Data listing:

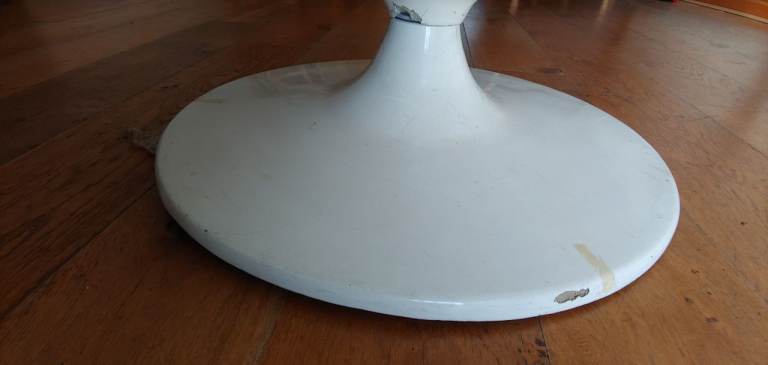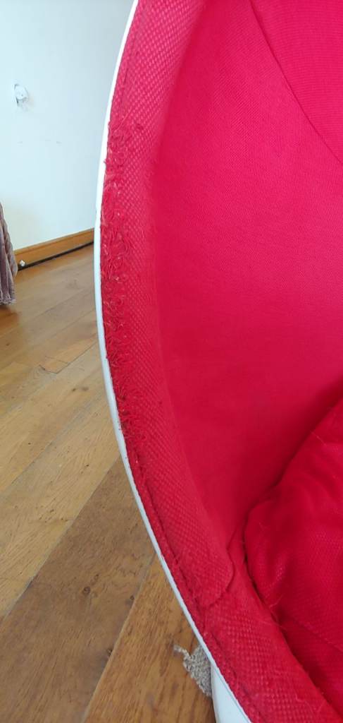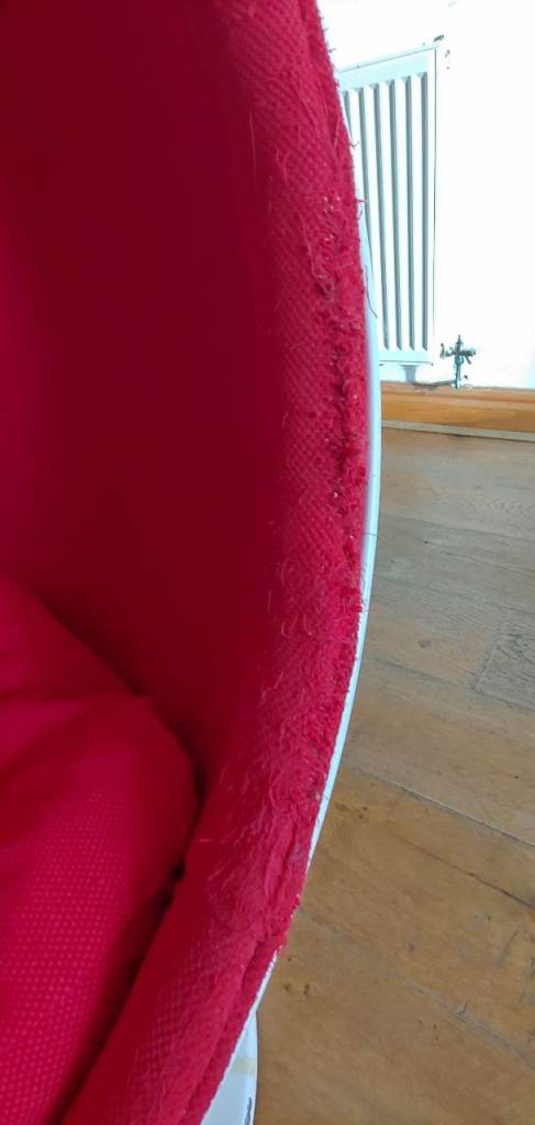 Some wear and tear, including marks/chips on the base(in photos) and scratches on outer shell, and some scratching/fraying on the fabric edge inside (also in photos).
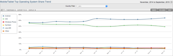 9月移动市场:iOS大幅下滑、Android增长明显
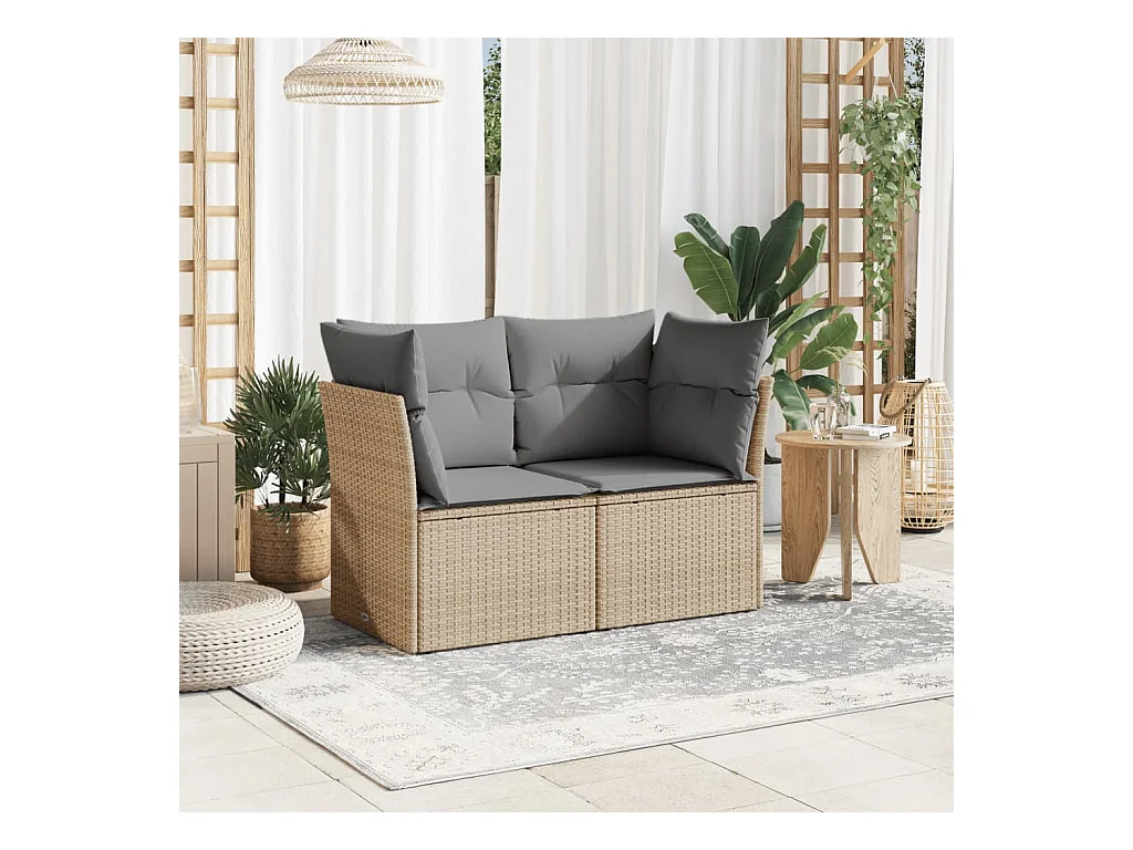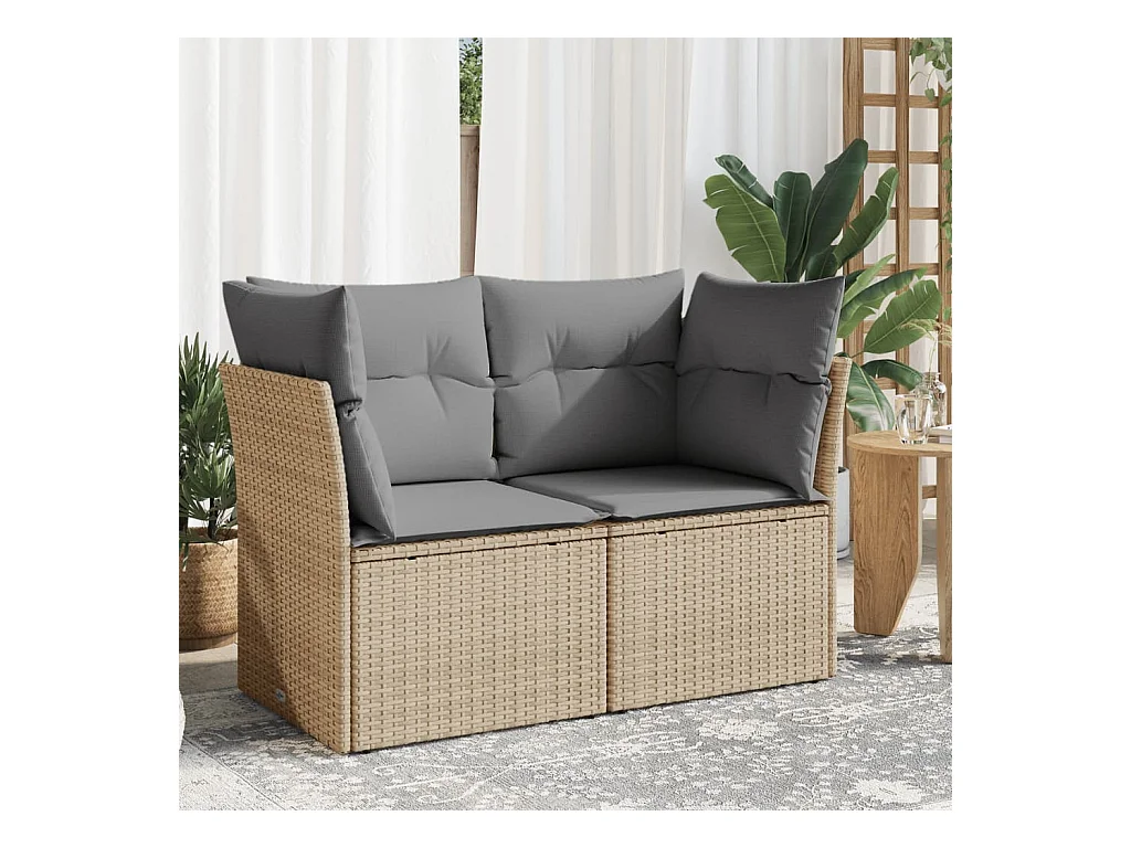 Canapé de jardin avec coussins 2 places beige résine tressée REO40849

* * *

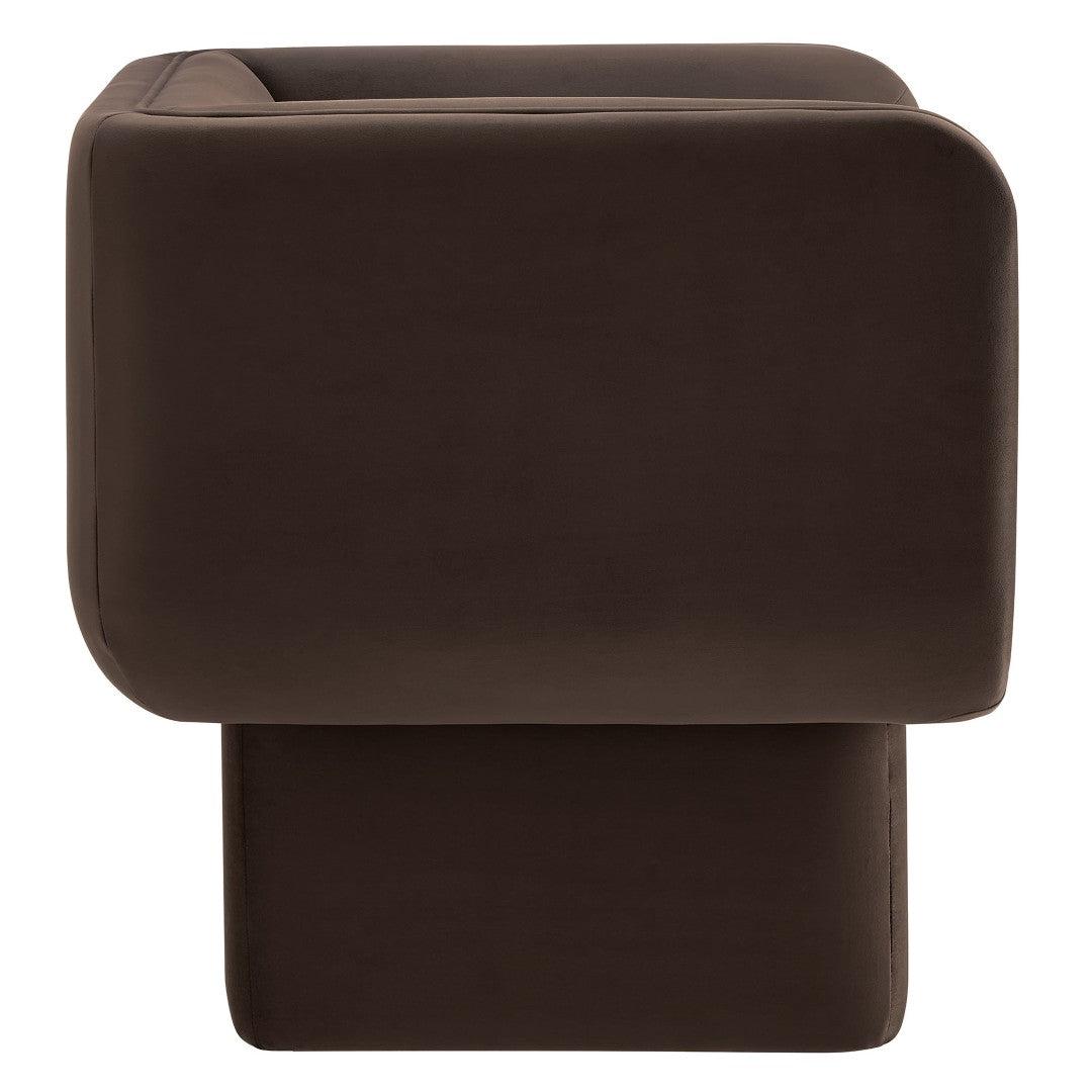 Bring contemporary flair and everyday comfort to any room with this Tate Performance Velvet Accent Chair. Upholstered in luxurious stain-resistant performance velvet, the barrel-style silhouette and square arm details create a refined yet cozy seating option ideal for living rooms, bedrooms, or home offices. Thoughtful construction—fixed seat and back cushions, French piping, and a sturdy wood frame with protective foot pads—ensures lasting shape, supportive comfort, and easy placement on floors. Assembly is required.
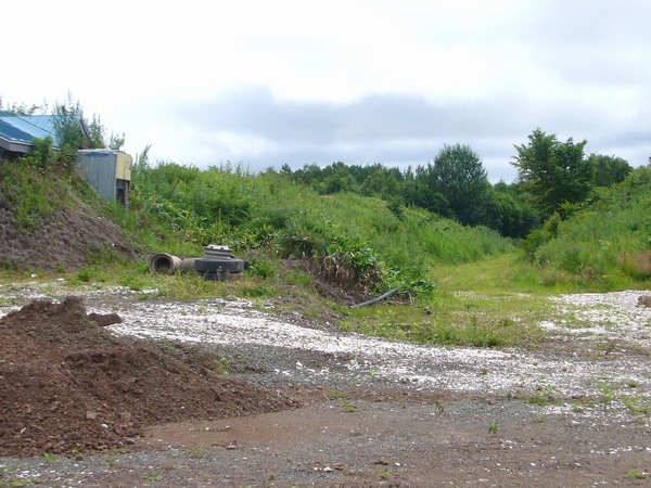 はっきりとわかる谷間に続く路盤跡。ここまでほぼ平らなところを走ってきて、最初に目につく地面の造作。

...

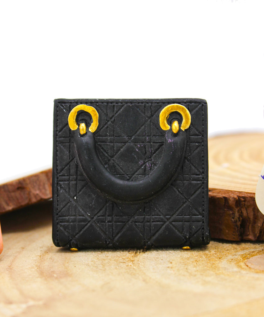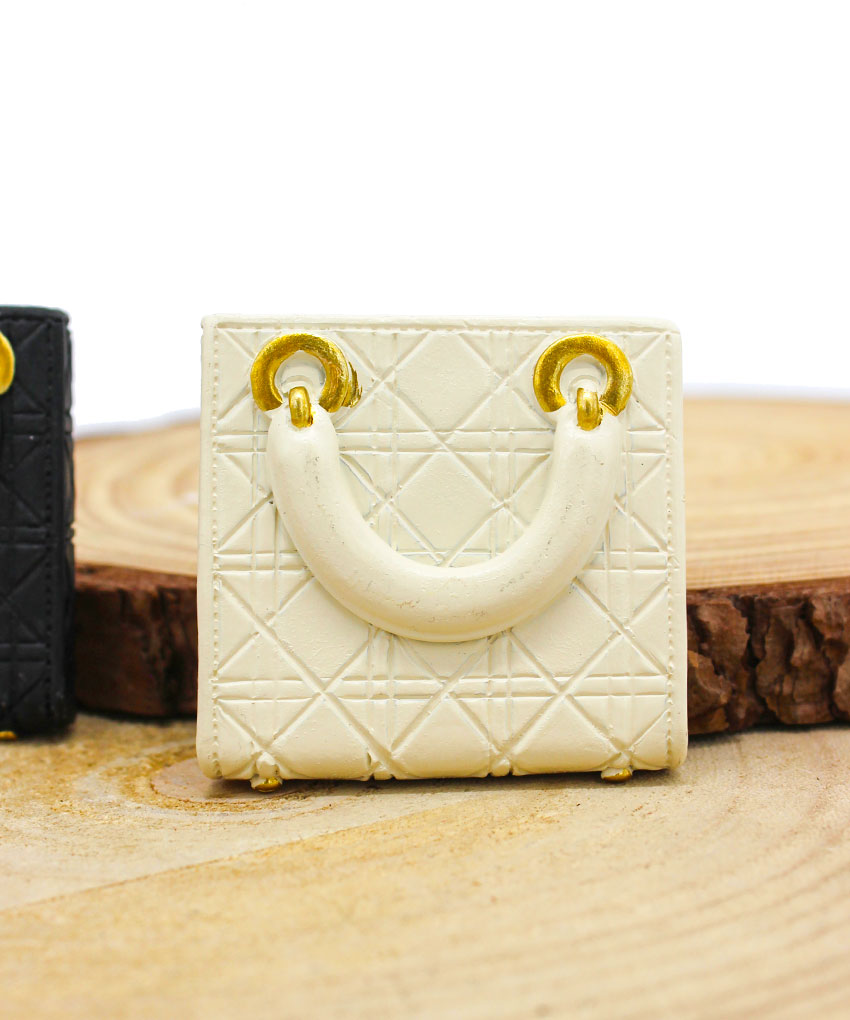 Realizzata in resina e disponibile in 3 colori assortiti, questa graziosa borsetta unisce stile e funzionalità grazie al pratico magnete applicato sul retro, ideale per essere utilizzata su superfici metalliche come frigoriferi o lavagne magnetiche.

What to work on:
Return the stretch of data that begins with the line showing "9月移动市场:iOS大幅下滑、Android增长明显" and goes on through the line showing "Canapé de jardin", exactly, with pictures removed.

Exercise solution:
 9月移动市场:iOS大幅下滑、Android增长明显
 Canapé de jardin avec coussins 2 places beige résine tressée REO40849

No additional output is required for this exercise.